2) any convex function composed with an affine operator is still convex

3) arbitrary suprema of convex functions remains convex, e.g. a max of two convex functions is convex

4) any sum of convex functions with positive coefficients remains convex

5) if you marginalize out a variable via infemum, this also preserves convexity.

6) any linear operator (e.g. an inner product with fixed slope) is convex

7) The distance (or squared distance) to any closed convex set is convex.

Using these tools (and there are many more), you can build up all sorts of wacky functions. Let's do an example!
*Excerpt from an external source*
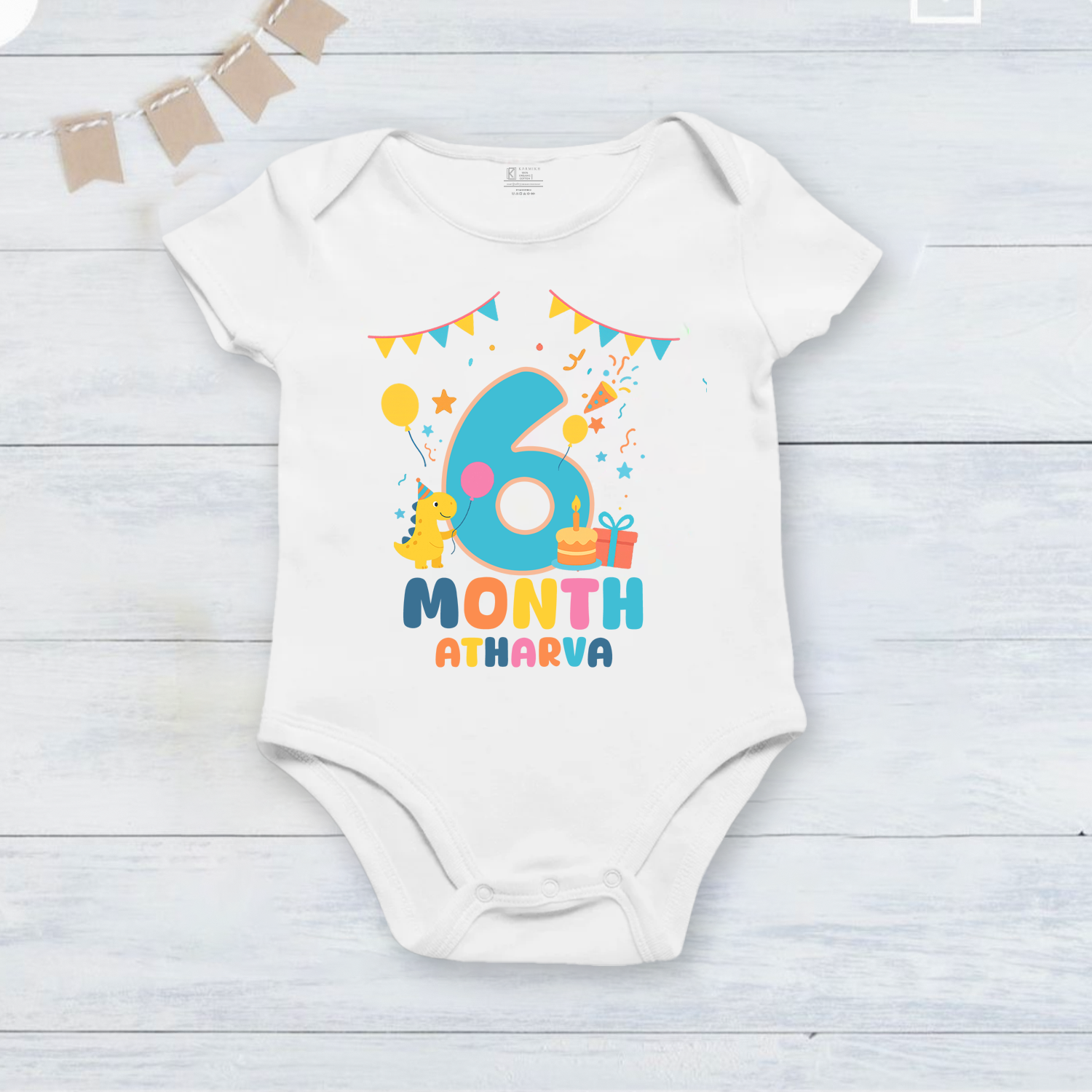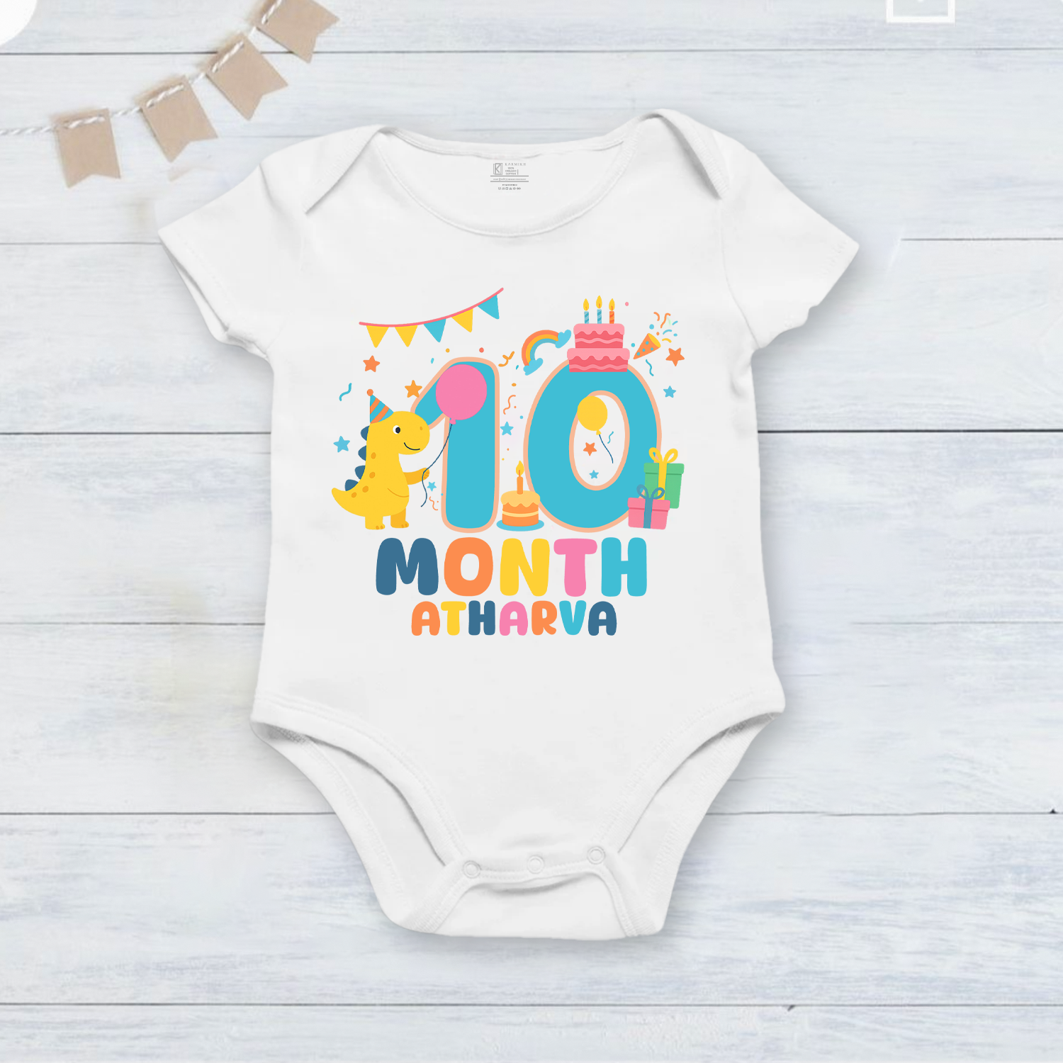 Infant monthly birthday Dinosaur 12 Months of Love_ Customized name White Onesie

If $A$ is a matrix and $b,c$ are in $\mathbb{R}^n$, you can show $2\|\cdot\|_1 + \|A\cdot-b\|_2^2 - \langle c,\cdot\rangle$ is convex, and more importantly you can prove they are convex in just a few lines!

For my example: $\langle - c, \cdot \rangle$ is linear so it is convex. $\|\cdot\|_1$ is a norm so it's convex. $\|\cdot\|^2$ is convex (this one is due to a result a bit more technical concerning the composition of even functions with convex functions that vanish at zero). Since $\|\cdot\|^2$ is convex and $A\cdot-b$ is affine, $\|A\cdot-b\|^2$ is convex as well. Since addition with positive coefficients preserves convexity, we've just shown that the complicated function above is convex!